How to write better leads



What makes a good lead?  Hint:  It’s usually not a question.

But it’s an answer we think a lot about here, particularly with a fresh cast of students. There’s no one right answer.  Jack Hart  talks about as many as 15 ways to start a story in his book, “A Writer’s Coach.”  Everyone agrees there’s no quicker way to lose your reader than a flat, uninteresting lead.
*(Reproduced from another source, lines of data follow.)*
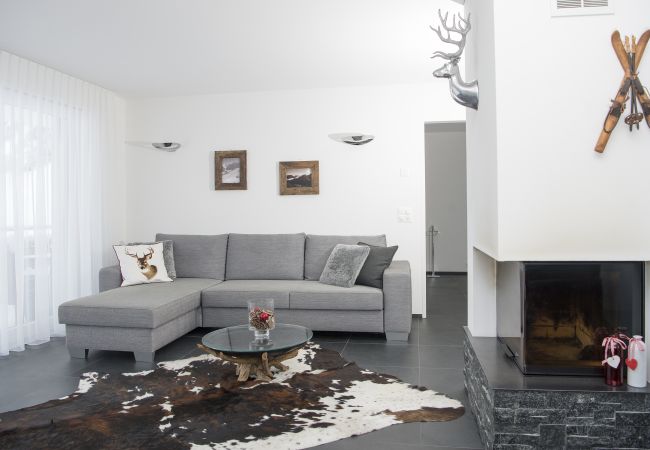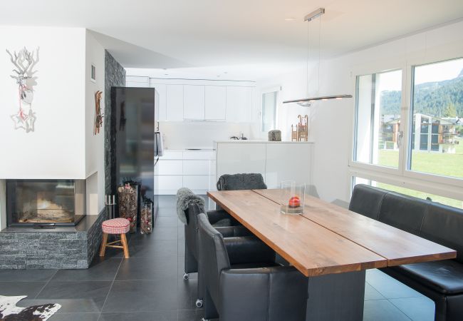 Der lichtdurchflutete Wohnbereich mit offenem Kamin schafft eine warme und einladende Atmosphäre, ideal zum Entspannen nach einem aktiven Tag in den Bergen. Geniessen Sie bei einem Glas Wein den Blick auf die verschneite Bergwelt und fühlen Sie sich rundum zuhause.
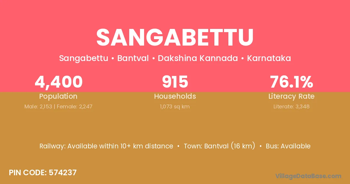 Bantval (16 km) is the nearest town to Sangabettu village for major economic activities and is located approximately 16 km away.
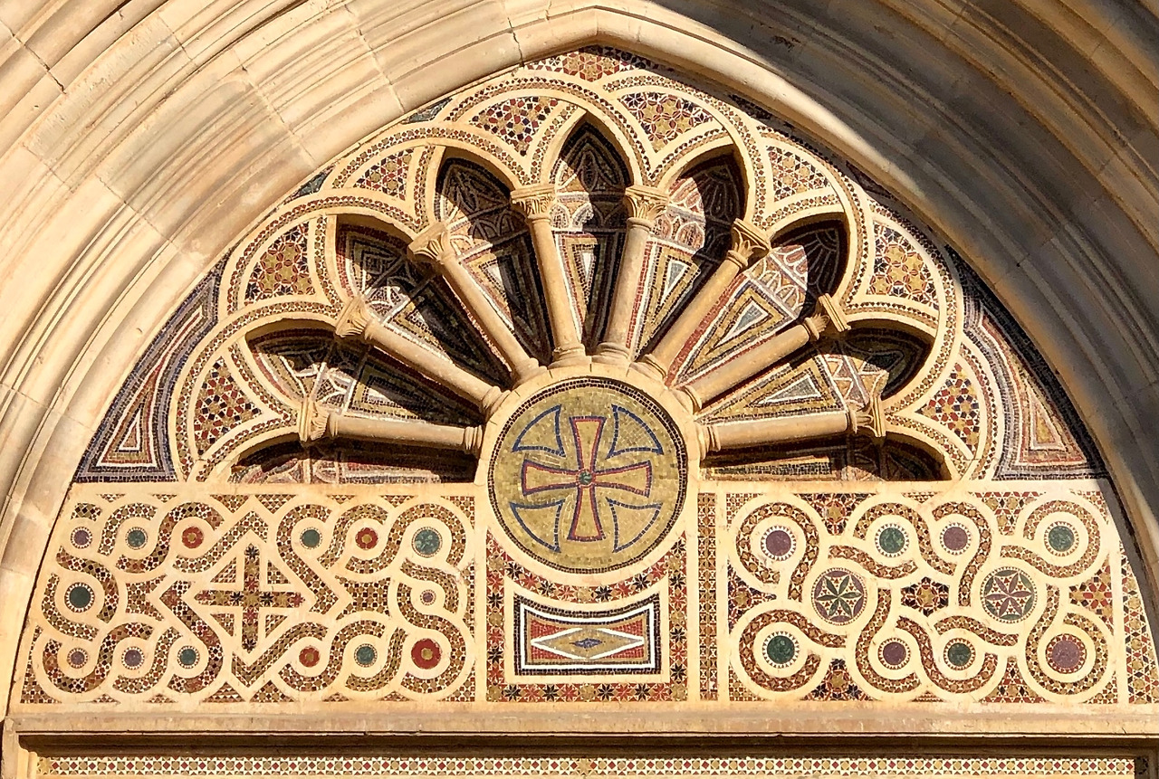모자이크로 장식이 된 중앙 부분에서 성전 기사회 십자가를 제일 먼저 볼 수 있습니다. 붉은색을 사용한 정 십자가의 형태이고 십자 끝의 꼭짓점은 두 개씩 모두 여덟 개를 가지고 있습니다. 그래서 성전기사회 십자가를 진복팔단 십자가라고 부르기도 합니다. 8이라는 숫자는 성전기사회의 십자가를 은유적으로 표현하는 수단이 되기도 합니다. 그래서 성전기사회의 십자가 모양이 아니더라도 숫자 8을 상징하는 것들을 곳곳에서 많이 볼 수 있습니다. 십자가 위 반달형 창문에도 여덟 개의 기둥이 있고, 기둥과 기둥을 잇는 반원도 여덟 개를 가지고 있습니다. 성당 정면 가장 위에 있는 눈의 창도 팔각형으로 만들어져 상상으로 만들 수 있는 성전 기사단의 십자가를 눈으로 그릴 수 있습니다.
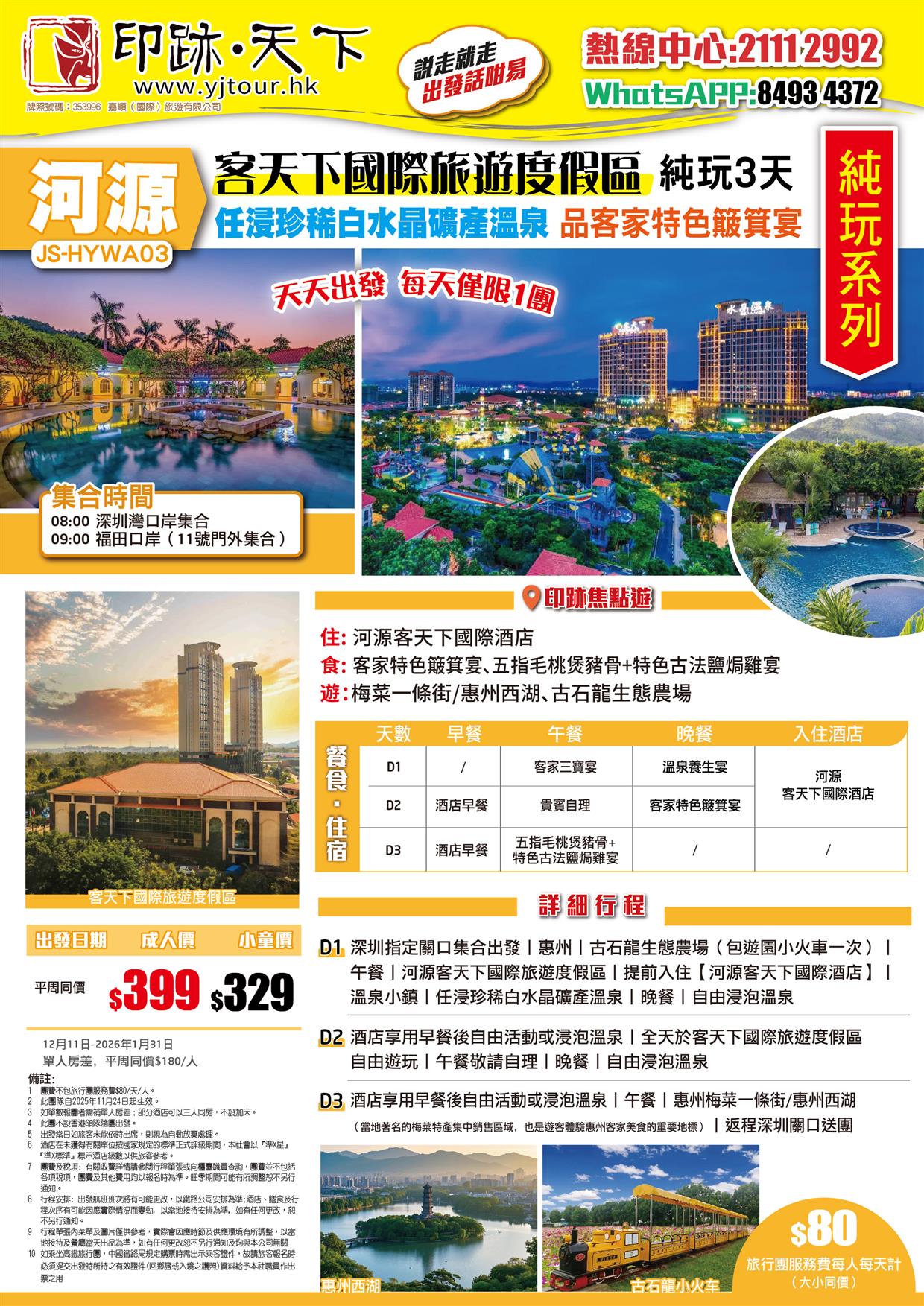 河源 連住兩晚【河源客天下國際酒店】任浸珍稀白水晶礦產溫泉、品客家特色簸箕宴 純玩3天
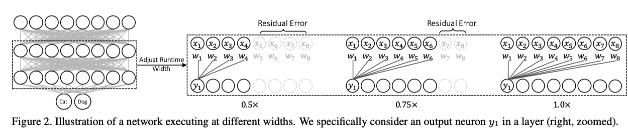 predefined widths set 중에서 선택하여 runtime에 accuracy-efficiency trade-offs를 optimize하도록 조정할 수 있다.
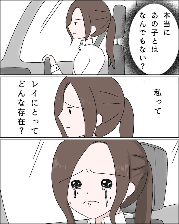 レイは「浮気はしていない」と言うけれど、私の車で2人きりで長距離ドライブをして、挙句の果てには温泉や観光まで楽しんで、何もなかったという方が不自然です。それでも、彼の言葉を信じたい自分がいるのも事実。私はレイにとって、いったいどんな存在なんだろう。そう考えたら苦しくて、気づけば涙がこぼれていました。
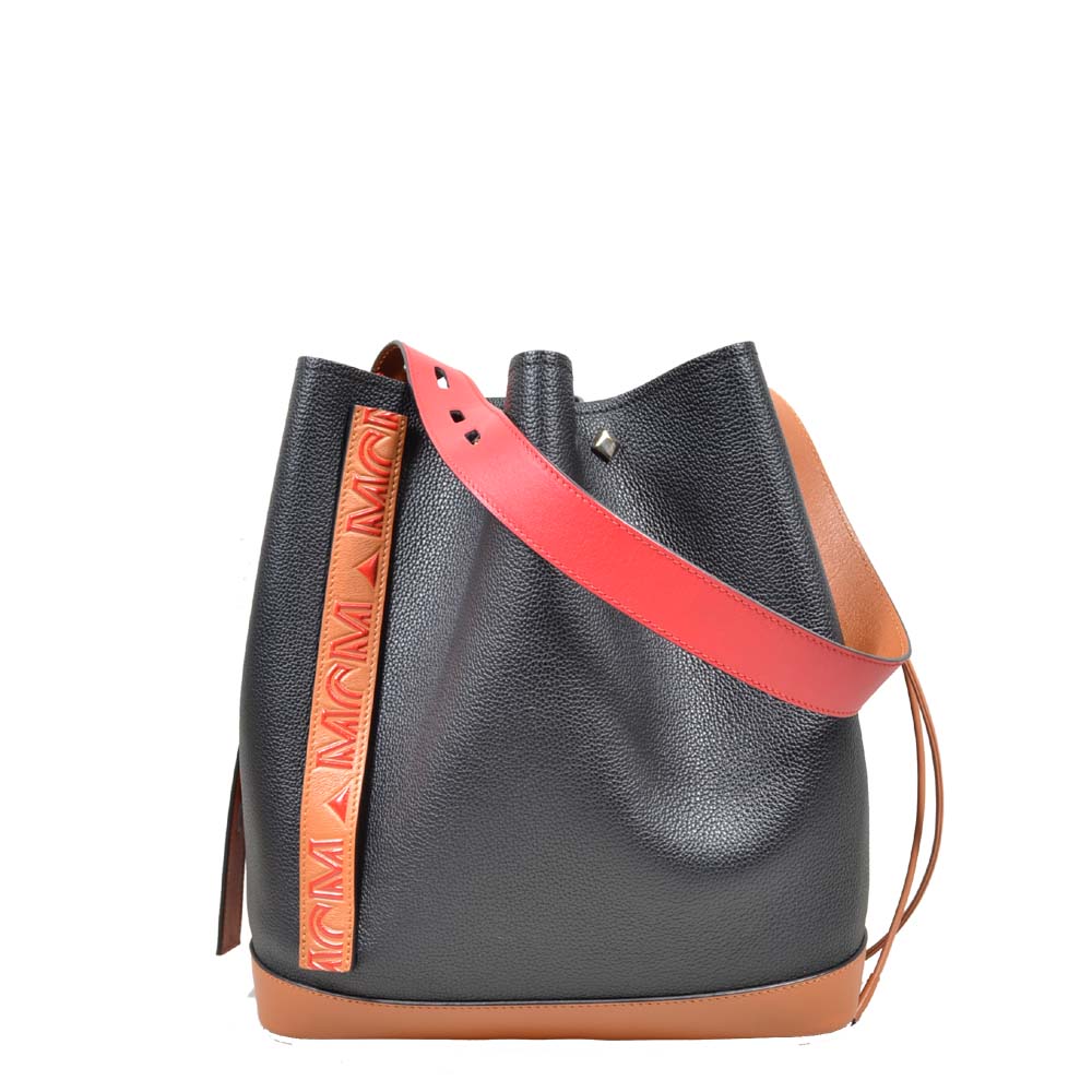 MCM Tasche Hobo Leder Pouch Beige Schwarz Rot
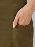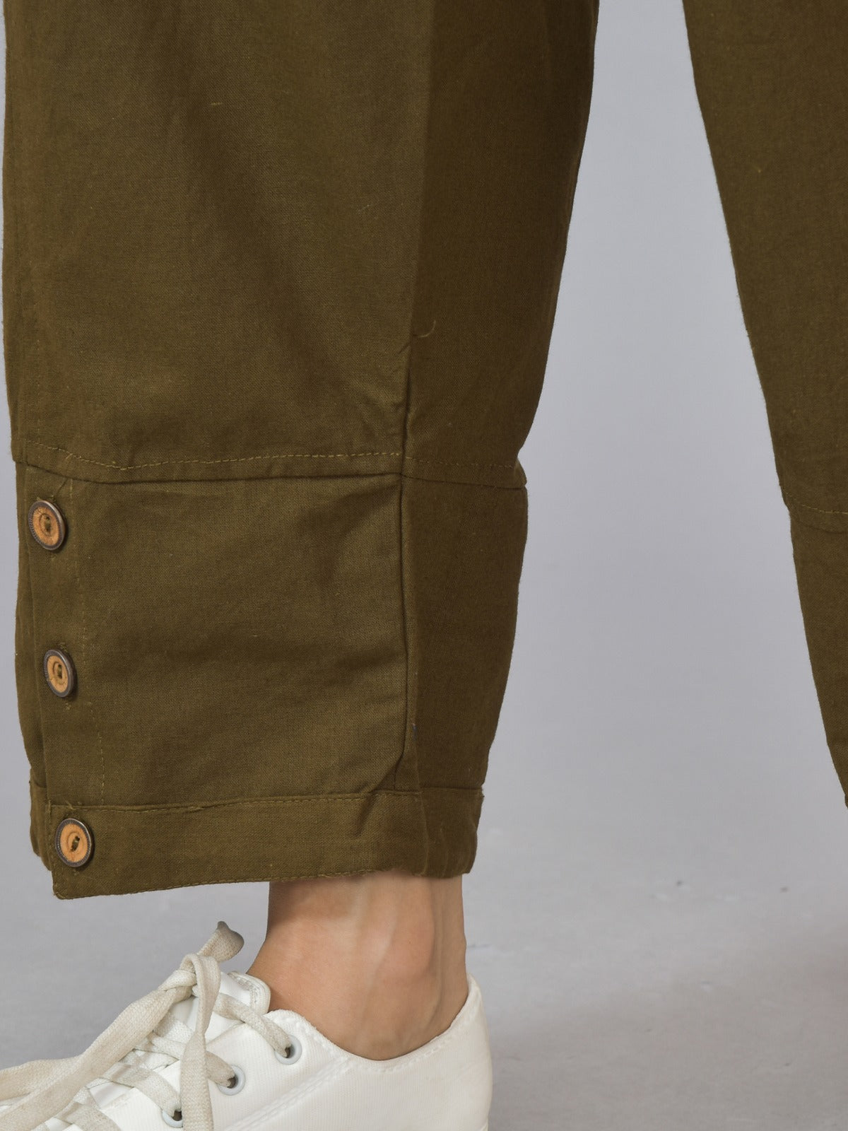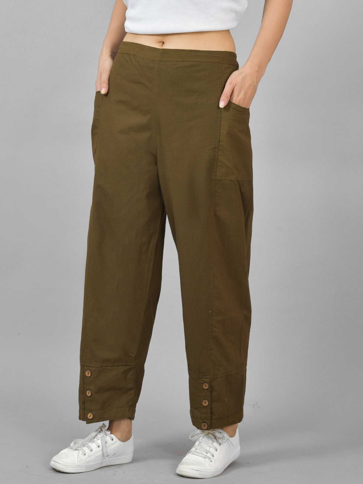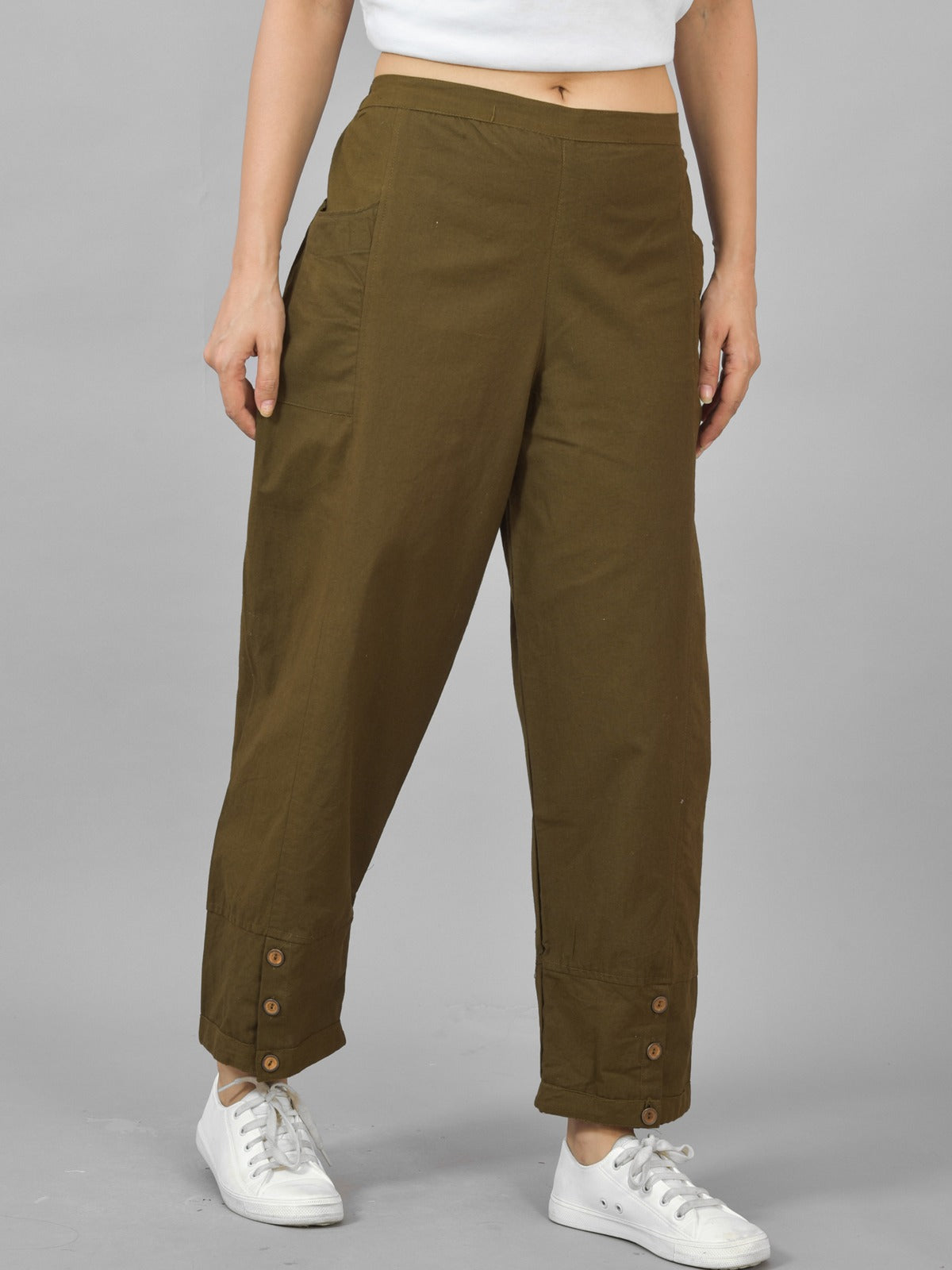Womens Mehndi Green Side Pocket Pure Cotton Straight Cargo Pant
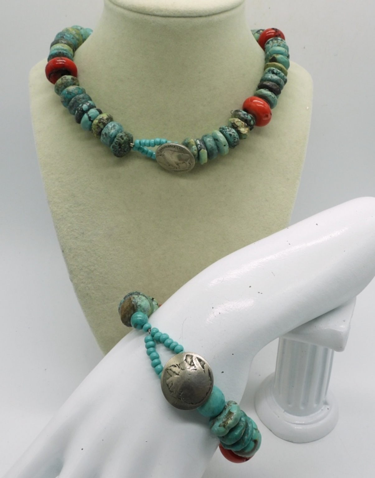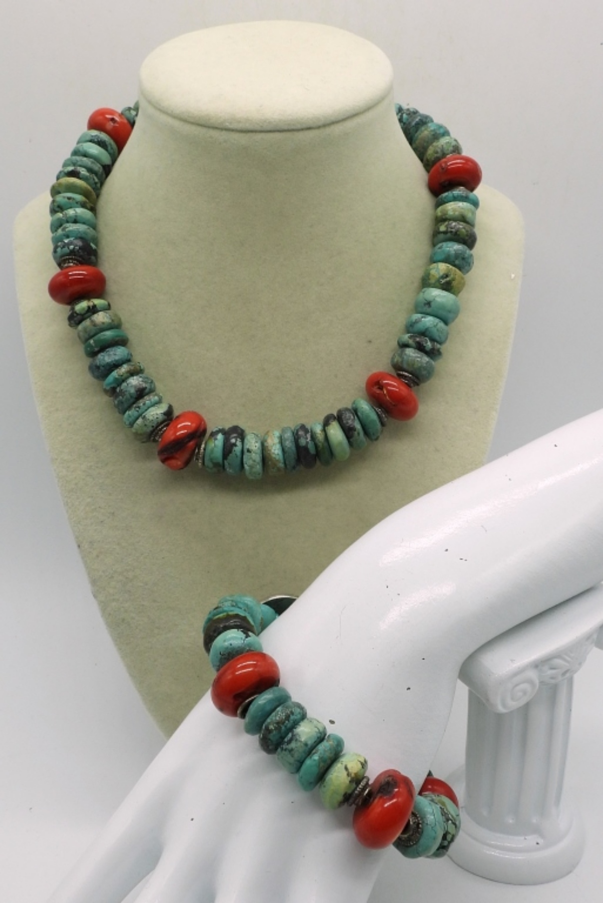 VINTAGE TURQUOISE BEADS WITH RED CORAL BEADS. MATCHING NECKLACE AND BRACELET. NECKLACE 16″ / BRACELET 8″.
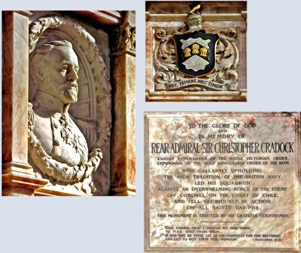 Cradock Memorial, York Minster - 2 Details. The Cradock motto: Nec temere nec timide (Neither rashly nor timidly). Certainly not timid. And he and his men had plenty of time beforehand to prepare for meeting a superior German force; so probably not rash either. Cradock, O'Brien and 1,652 other British sailors died on that All Saints Day in the south-eastern Pacific. |
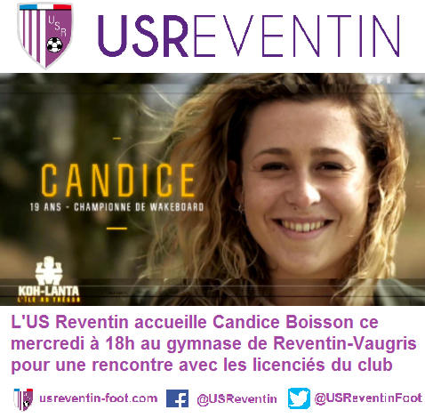 L'US Reventin a le plaisir d’accueillir ce mercredi 18 janvier à 18h, Candice Boisson, quintuple championne de France et vice-championne d'Europe de wakeboard, et récente participante à l’émission télévisée Koh Lanta dans laquelle elle a brillé par ses performances sportives, son intelligence de jeu et sa sympathie.

 With that as both warning and encouragement, here are some quick thoughts about how to think about leads:

  • Get to the point.  What happened? What do you want the reader to take away from your story? After you’ve covered an event, or done an interview, write a short note to yourself about what’s most important.  Write a three to six-word headline.  Expand the thought and you’ve got your lead.
  • Imagine how you’d tell the story to a friend or family member.  You wouldn’t bury them in the details.  Jere Hester gives this example: Your mind is reeling after a day of reading campaign contribution records, arcane tax codes and dealing with political spin.  Mom calls:  “What are you working on today, honey?” You:  “Oh, a story about a congressman who pushed for a tax loophole that saved his top campaign contributor $10 million.” There’s your lead.
  • Talk it through before you write.  That’s why God made editors, or Craft professors. Classmates, too.  That  quick chat often forces you, or your listener, to summarize what’s important. Prof. Hester was struggling with a feature about the discovery of a spotless leopard. He told one of the news clerks, who said, “Geez, you can’t even tell a leopard by its spots anymore.” Bingo!
  • It’s the news, stupid! Give the reader the news, not circumstances and generalities. Steve Strasser provides this example: Don’t write that a senior city official attacked the mayor for corruption at a press conference Wednesday.  Say instead: The comptroller accused the mayor of padding his expense account.
  • Assertive  sentences, Action verbs, Active Voice. Don’t back into the story.  Try to avoid the passive voice where the subject of the sentence is acted upon, rather than doing the acting.  Use strong verbs. Try to avoid forms of the “to be” verb (am, are, is, was, were, been). Caution: This can be overdone.  Active verbs, when forced, can distort or hype your story and make it read like a romance novel, warns writing coach Roy Peter Clark in his book, “Writing Tools.”
  •  Avoid modifiers.  They show insecurity. Prof. Strasser again: Most sophisticated, discerning readers will fully and readily understand the consuming and undeniable importance of the dramatic news of a sudden stock market crash without all those dang useless sludge-like ridiculously unnecessary modifiers.
  •  Don’t  get stuck. Don’t let the perfect be the enemy of the good, Wayne Svoboda says.  If you’re struggling, just write a placeholder lead and build the rest of your story. Then read what you’ve got: You will find an image in there, a turn of phrase, a telling detail that will become the core of the great lead that was inside you the whole time.
  • The Gene Simmons Approach: KISS (Keep it Simple, Stupid). When you’re 50 words into a lead and you feel like you’re not even halfway there, it’s time to step back and simplify. Sometimes the most complex stories call for the simplest of leads.  Prof.  Hester remembers an editor telling him about being a copy boy with the Times the night Babe Ruth died and seeing the writer struggle with how to sum up all that living in one graf. In the end, he said it all in five words: Babe Ruth died last night.


Shout Outs

Jessica Firger, for the Brooklyn Paper this summer, went with a quick teaser lead for what could have been a routine cop blotter item:

What a drag!

The Sovereign Bank on Fifth Avenue was robbed (again) on July 28 — and this time, the culprit was a transvestite!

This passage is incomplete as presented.